Speaking of brain dead Bernie…with a growing number of Americans appearing willing to jump on the socialism-by-any-other-name bandwagon, JPMorgan CIO Michael Cembalest digs into the details of Bernie Sanders’ tax proposals. As the following chart sums up so extremely, his plan would certainly represent an unprecedented event in the history of US taxation.
There is no official Congressional Budget Office scoring of his plan at this stage, but the Tax Foundation assessed his proposed taxes on individuals and corporations and came up with a figure of $13.5 trillion of additional taxs over ten years. Large numbers are inherently large, so how big is that? Amortizing the amount over 10 years, these proposals are estimated to raise incremental taxes of around 7% of GDP per year.

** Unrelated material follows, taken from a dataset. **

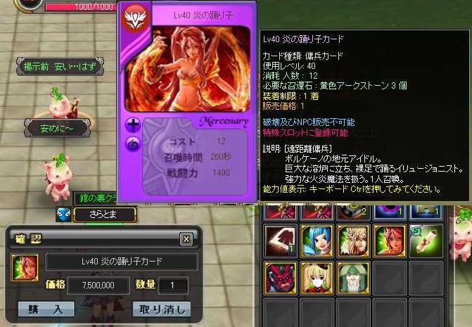 露店で7.5Mです。 Lv20→Lv40までの育成で虹色換算4M程度は掛かります。 ですから実質3.5Mとか。 ちょうどカブトに同行させる召喚雑魚殲滅傭兵が欲しい所だったので、買いたかったのも事実。 ただ市場評価が低いコトから、イラナイ子化してしまう可能性もあり>< だめなら売っちゃえばおk!ってコトで><b
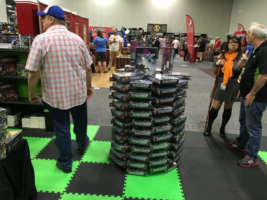 The star of the show, of course, was the Beginner Box. The response was tremendous, and we sold more of them than any Shadowrun RPG item at Origins in the past ten years (and possibly longer, but ten years is as far as my personal memory goes). Having lots of boxes to sell means I get to experiment with different stacking styles—this was my beginning-of-day-four stack. It was much smaller at day’s end!

The chart puts this number into context by looking at major tax legislation of the last 75 years. The revenue raised by each bill is shown on the Y axis, alongside prevailing Federal tax receipts (individual taxes, corporate taxes and excise taxes) before passage of each bill on the X axis. Even if Tax Foundation estimates are too high, Sanders’ proposals are in a league of their own. The only bill that comes close was passed in 1942, except there were two big differences:
1- the US was in the middle of WWII
2- at the time, total Federal taxes were much lower. Even tax increases in the 1.5%-2.0% of GDP range have not been seen since the Korean War, when tax receipts were also lower than they are today.
All the debates around prior post-war tax legislation seem rather small now, don’t they?
Democratic Socialism has a very, very high cost, and it would not just be borne by billionaires and millionaires. Bernie has admitted he will raise taxes on the middle class.
Perhaps this is why 4 prior Chairs of the Council of Economic Advisers for Presidents Obama and Clinton wrote an open letter to Sanders just this morning citing “extreme claims” by the Sanders campaign about the Senator’s economic plan, which “cannot be supported by the economic evidence” and which “runs against our party’s best traditions of evidence-based policy making and undermines our reputation as the party of responsible arithmetic.”
There is no longer a lesser of two evils on the democrat ticket.